Now the statistics and empirical knowledge indicate that wolf introduction has had damaging results on game herds across a broad landscape. People who had a vested interest in hunting from bullet sellers, guides, meat cutters, are being impacted. That is just another business in rural America being sliced from our economy, another thin slice of the economic salami, and when you add them all up, the slice pile is now much larger than the salami, which has grown noticeably small. The small salami is our collective economy, as the slices to out sourcing, environmental shut downs, the welfare state, unsupportable wages and benefits, myriad governmental decisions "to protect" the people have kept on slicing the salami. Somehow, we have to grow the salami. Find jobs, create jobs, and demand that people find ways other than the State to support themselves. I saw a story on a small effort to put the unemployed to work in ag in harvest season, and the effective placement rate was 3% of the open jobs taken by American citizens not of Hispanic origin. The illegal alien is doing the work Americans will not. And I can imagine that is true in other fields than agriculture. Our culture of welfare is a better way of life than third world residents ever had, so why work when you can live, stay warm and dry, and eat, all provided by Progressives seeking votes?? And, you don't have to pay to send your kids to school or see the doctor.
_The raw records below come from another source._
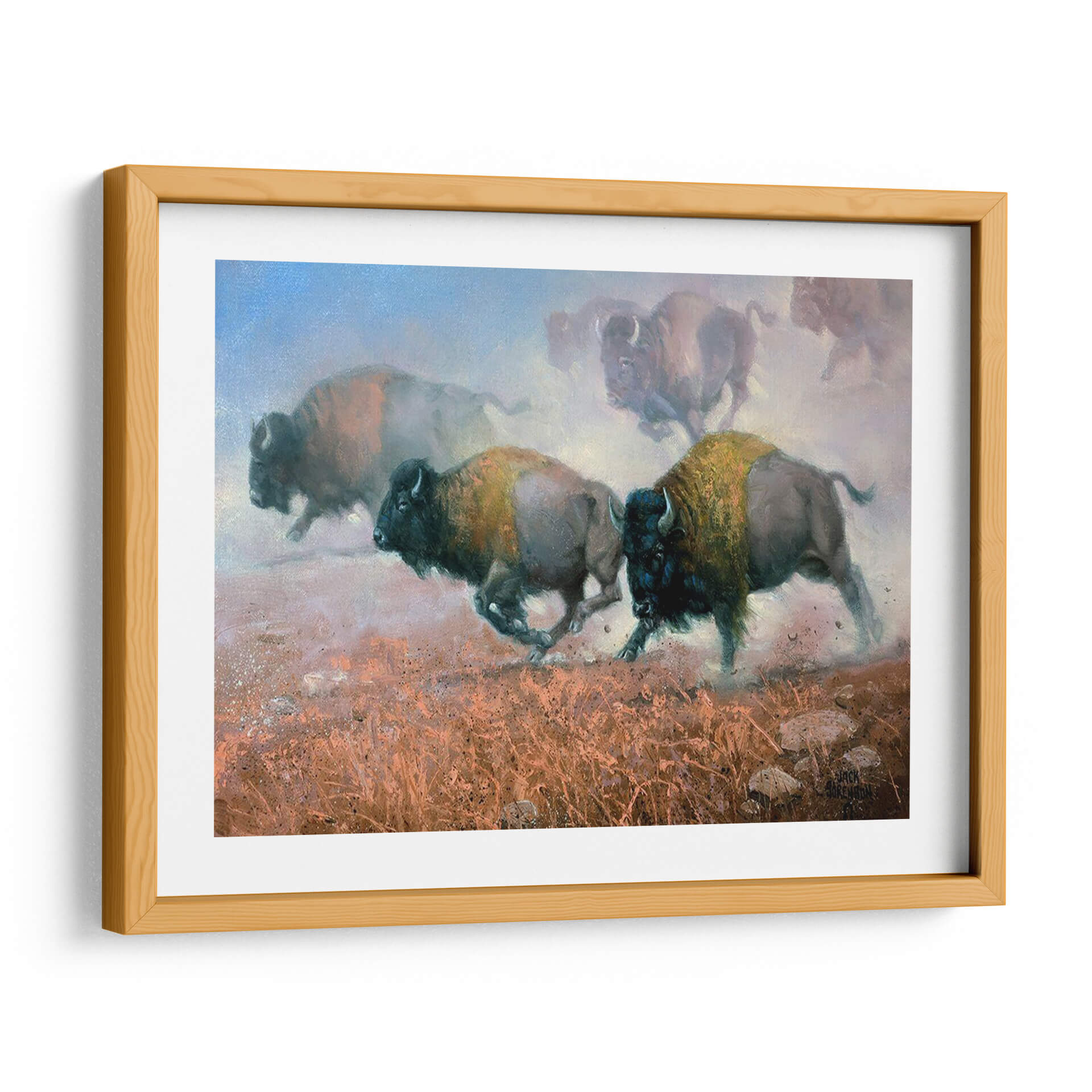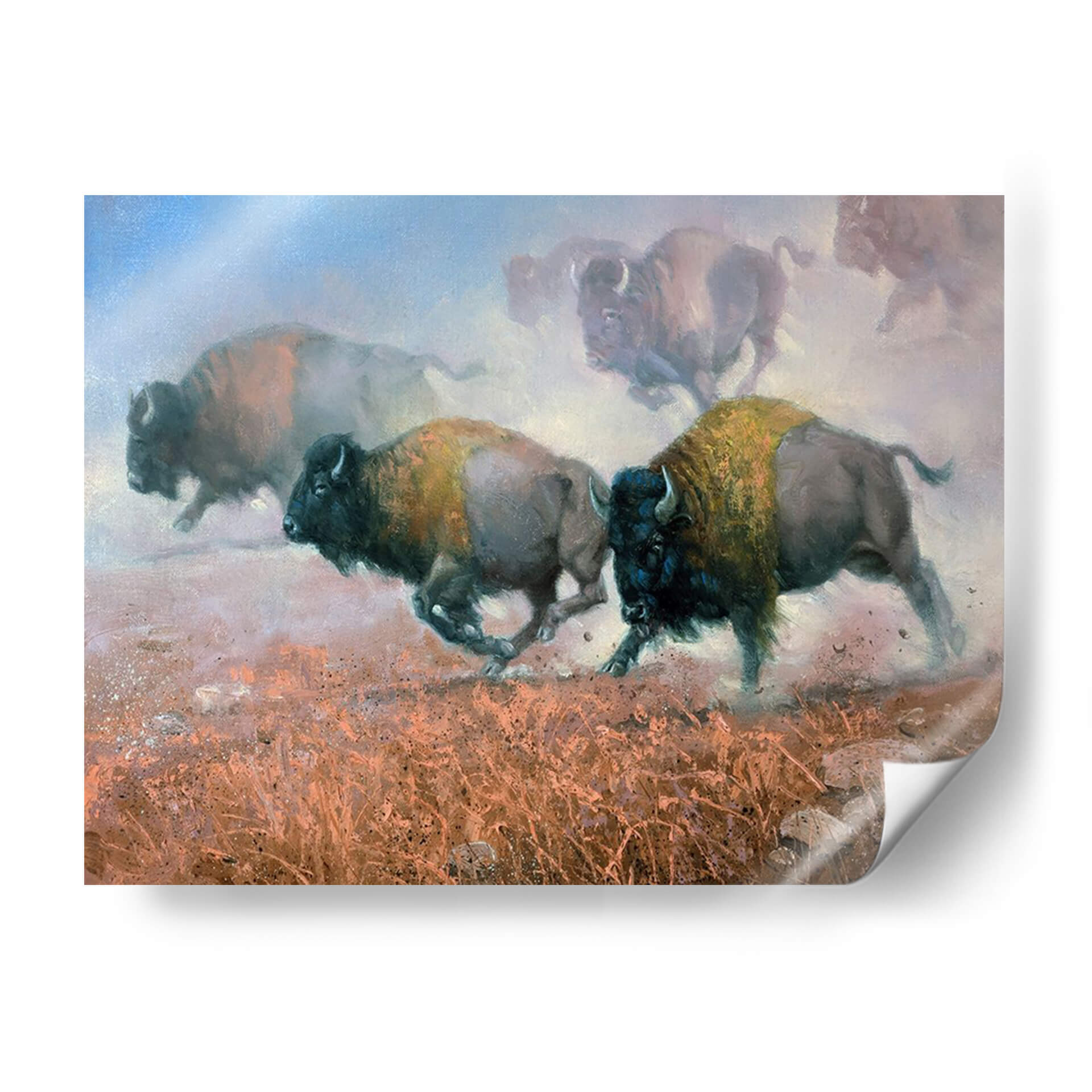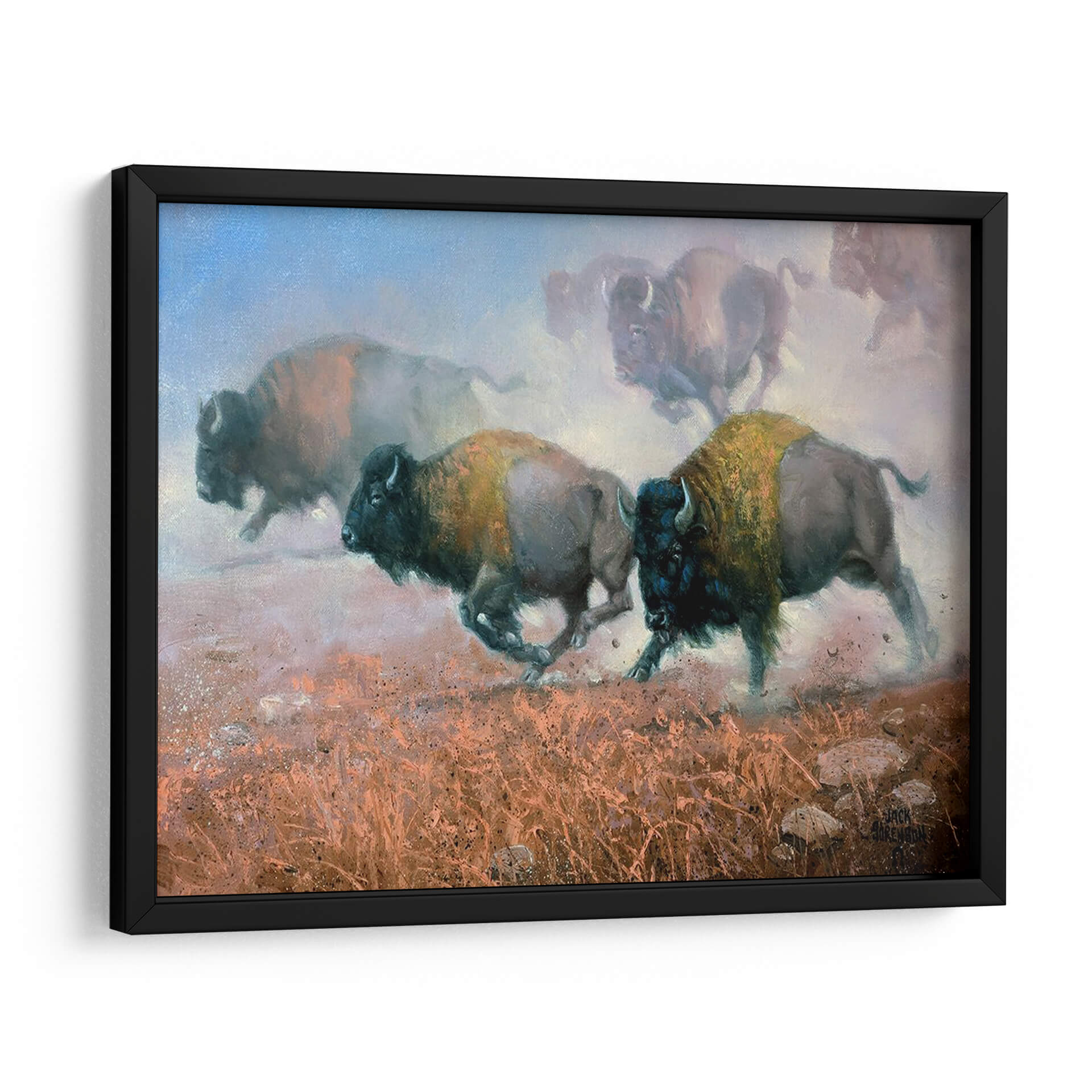 Capture la fuerza indómita de la naturaleza con "Trueno de Pradera", una obra de arte evocadora del talentoso Jack Sorenson. Esta pieza maestra traslada la energía cruda y el espíritu salvaje de una manada de bisontes en pleno galope a su espacio. La paleta de colores, dominada por tonos tierra cálidos y ocres vibrantes que reflejan la hierba seca y el polvo levantado, se complementa con sutiles toques de azul en el cielo que añaden profundidad y atmósfera. La composición dinámica guía la mirada a través de la estampida, transmitiendo una sensación de movimiento incesante y poder primigenio. El estilo pictórico, con pinceladas expresivas, añade textura y vida a las figuras imponentes de los bisontes, logrando un equilibrio entre el realismo y la interpretación artística. Este cuadro decorativo es ideal para infundir carácter y vitalidad a salones, estudios o cualquier espacio que se beneficie de una conexión con la majestuosidad del mundo natural. "Trueno de Pradera" no es solo una decoración, sino una declaración de la fuerza y la belleza del oeste americano, perfecta para coleccionistas y amantes del arte que buscan piezas con alma y narrativa.
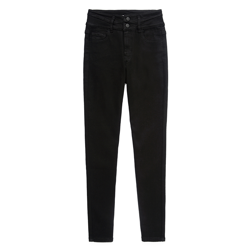 索玛时尚 拉链小口袋长裤 紧身黑色牛仔裤 秋冬棉质个性 女款 SOMSOM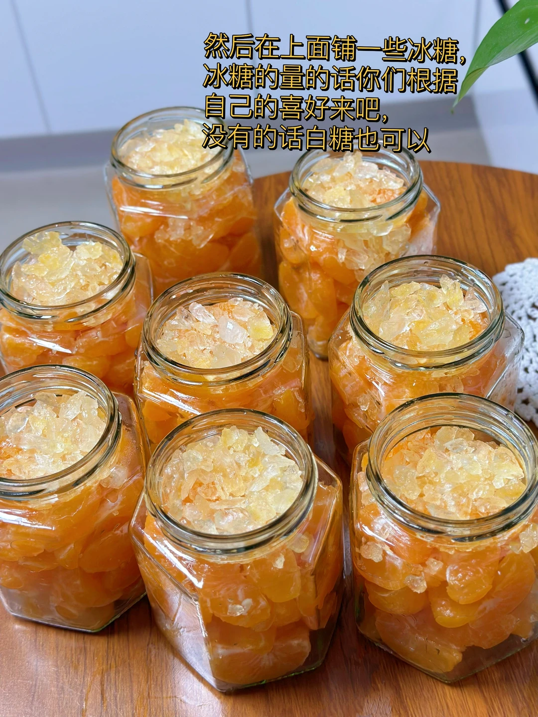 5. 然后在上面铺一些冰糖,冰糖的量的话你们根据自己的喜好来吧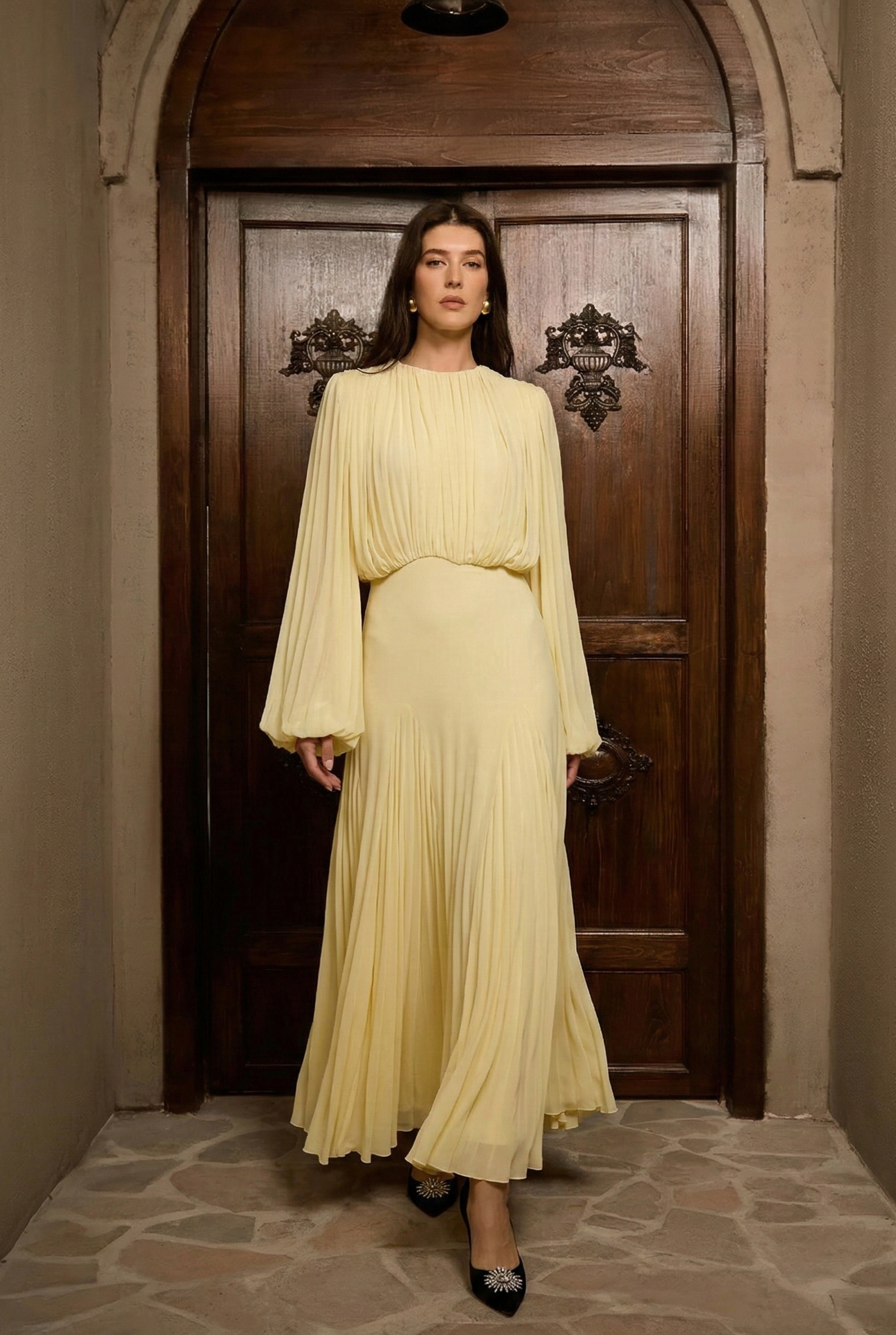 這款優雅的長裙具有精緻的拼接褶皺設計,完美適合正式場合或時尚的夜晚外出。圓領和收腰剪裁增強了其優雅的吸引力,使其成為任何衣櫥中的多功能單品。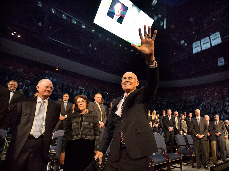 Forty-five years after giving his first devotional address, in 1971, Elder Oaks spoke to more than 15,000 people in the Marriott Center, focusing his remarks on elections, hope and freedom.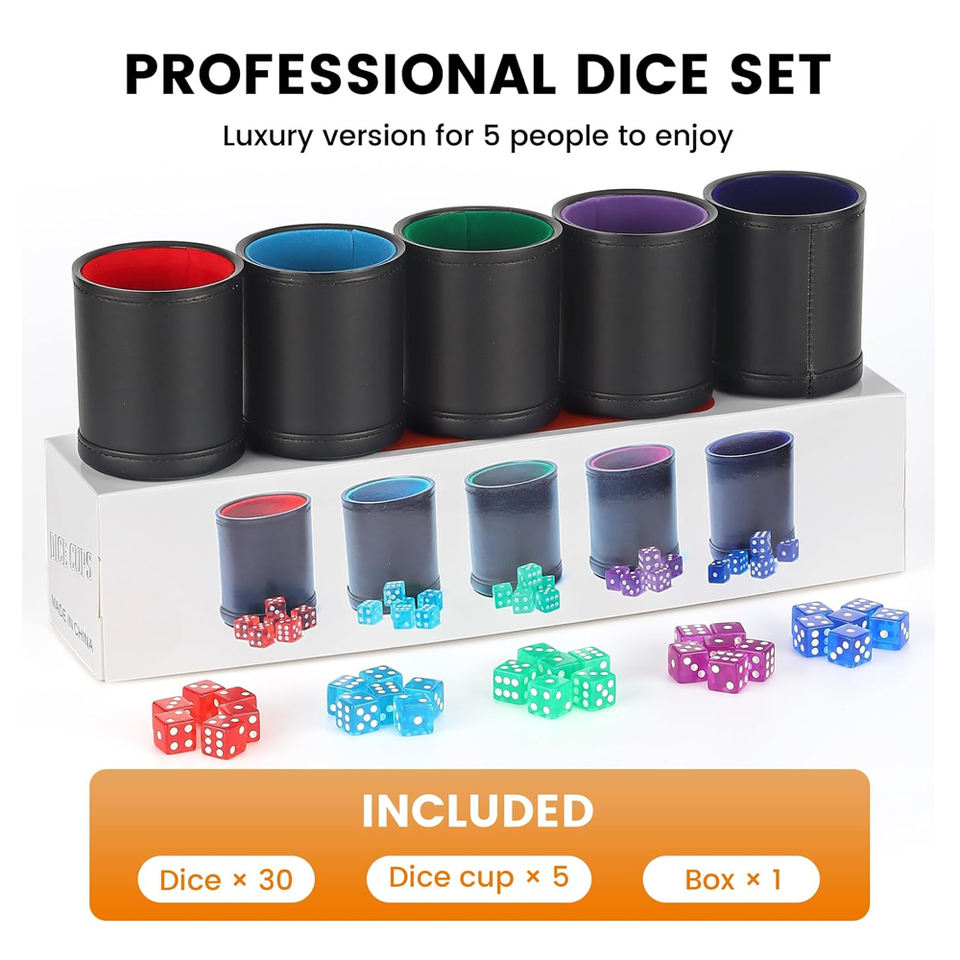 Wholesale Custom Gambling Leather Shaker Pu Dice Cup Felt Lined Professional Dice Cup With 6 Dice Quiet for Game

How much better can it get???
We have exported our older workforce jobs. To nations with a large young workforce. Over 50 and you will most likely never find another job that utilizes your experience and education. There is a young third world person, with education, to do that job. In India, there are more kids in talented and gifted programs than there are kids on school in the United States. I say that because my experience with ranching families is that they send their kids to college, if only because the ranch can support but one family at a time. The kids have to get educated to be able to support themselves. That public land rancher is producing calves for the feed lot and students for the university and our educated work force. Look at who leads in this country and you find ranch kids like Sandra Day O'Conner, Bruce Babbitt, Montana Governor Schweitzer, and many, many others. I would defend ranching as an incubator for future leadership in this country, all based on the stark reality that the ranch can only support one family at a time, and so the ranch families have to educate their kids to thrive elsewhere. The work ethic, the goal oriented mindset, all work to produce a pretty good kid for the country, the ranch kid. Of course, the trust puppy types who so hate ranchers must know that for every rancher, there is a couple or more of his or her kids working elsewhere just as hard as mom and pop. And God knows America is always in dire need of goal oriented, hard working young people to try and keep our American ball in the air...if that is still possible. Tomorrow we will find out our direction for the next couple of years.
Us Westerners have all this public land, and we actually have a huge rock on our backs to pack, as all the benefit now is amenity and sensibility based, on the cheap. So our local taxes have to pay the cost of roads to the USFS land, the courts n which trespassers get cited, the schools the Gummint kids go to, and all the rest of the local public costs.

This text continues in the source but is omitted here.